Only the lines from the one containing "RICKEY HENDERSON SIGNED" through the last line of the entries are wanted. Transcribe them exactly.
#### INPUT DATA ####
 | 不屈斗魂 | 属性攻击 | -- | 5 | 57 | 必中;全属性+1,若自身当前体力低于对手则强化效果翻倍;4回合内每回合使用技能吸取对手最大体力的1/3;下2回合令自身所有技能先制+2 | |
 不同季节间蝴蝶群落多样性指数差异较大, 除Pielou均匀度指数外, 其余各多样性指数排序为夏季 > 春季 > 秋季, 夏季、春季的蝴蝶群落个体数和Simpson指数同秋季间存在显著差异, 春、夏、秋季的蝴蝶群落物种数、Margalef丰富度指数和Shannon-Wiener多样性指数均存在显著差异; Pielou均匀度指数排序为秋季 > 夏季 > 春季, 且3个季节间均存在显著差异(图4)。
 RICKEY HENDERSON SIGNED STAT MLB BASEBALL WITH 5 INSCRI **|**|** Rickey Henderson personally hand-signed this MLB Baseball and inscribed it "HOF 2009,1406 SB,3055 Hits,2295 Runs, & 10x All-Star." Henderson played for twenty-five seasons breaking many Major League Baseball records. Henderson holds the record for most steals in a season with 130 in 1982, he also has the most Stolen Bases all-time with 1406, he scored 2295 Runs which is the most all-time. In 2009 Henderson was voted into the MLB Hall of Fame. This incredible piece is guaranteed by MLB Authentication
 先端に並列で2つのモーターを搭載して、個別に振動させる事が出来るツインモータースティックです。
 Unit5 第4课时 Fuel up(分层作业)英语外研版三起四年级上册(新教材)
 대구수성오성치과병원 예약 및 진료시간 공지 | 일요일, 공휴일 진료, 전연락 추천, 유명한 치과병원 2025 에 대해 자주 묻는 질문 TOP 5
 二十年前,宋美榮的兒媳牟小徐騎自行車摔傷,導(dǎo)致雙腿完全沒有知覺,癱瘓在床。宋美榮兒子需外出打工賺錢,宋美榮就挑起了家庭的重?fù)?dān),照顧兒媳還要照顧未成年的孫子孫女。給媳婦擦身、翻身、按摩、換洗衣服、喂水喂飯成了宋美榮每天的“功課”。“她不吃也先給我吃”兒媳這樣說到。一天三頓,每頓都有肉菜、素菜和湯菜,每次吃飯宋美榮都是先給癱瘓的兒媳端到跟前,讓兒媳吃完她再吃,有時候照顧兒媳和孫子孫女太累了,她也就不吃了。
####
- REPLY TO THE TASK:
 RICKEY HENDERSON SIGNED STAT MLB BASEBALL WITH 5 INSCRI **|**|** Rickey Henderson personally hand-signed this MLB Baseball and inscribed it "HOF 2009,1406 SB,3055 Hits,2295 Runs, & 10x All-Star." Henderson played for twenty-five seasons breaking many Major League Baseball records. Henderson holds the record for most steals in a season with 130 in 1982, he also has the most Stolen Bases all-time with 1406, he scored 2295 Runs which is the most all-time. In 2009 Henderson was voted into the MLB Hall of Fame. This incredible piece is guaranteed by MLB Authentication
 先端に並列で2つのモーターを搭載して、個別に振動させる事が出来るツインモータースティックです。
 Unit5 第4课时 Fuel up(分层作业)英语外研版三起四年级上册(新教材)
 대구수성오성치과병원 예약 및 진료시간 공지 | 일요일, 공휴일 진료, 전연락 추천, 유명한 치과병원 2025 에 대해 자주 묻는 질문 TOP 5
 二十年前,宋美榮的兒媳牟小徐騎自行車摔傷,導(dǎo)致雙腿完全沒有知覺,癱瘓在床。宋美榮兒子需外出打工賺錢,宋美榮就挑起了家庭的重?fù)?dān),照顧兒媳還要照顧未成年的孫子孫女。給媳婦擦身、翻身、按摩、換洗衣服、喂水喂飯成了宋美榮每天的“功課”。“她不吃也先給我吃”兒媳這樣說到。一天三頓,每頓都有肉菜、素菜和湯菜,每次吃飯宋美榮都是先給癱瘓的兒媳端到跟前,讓兒媳吃完她再吃,有時候照顧兒媳和孫子孫女太累了,她也就不吃了。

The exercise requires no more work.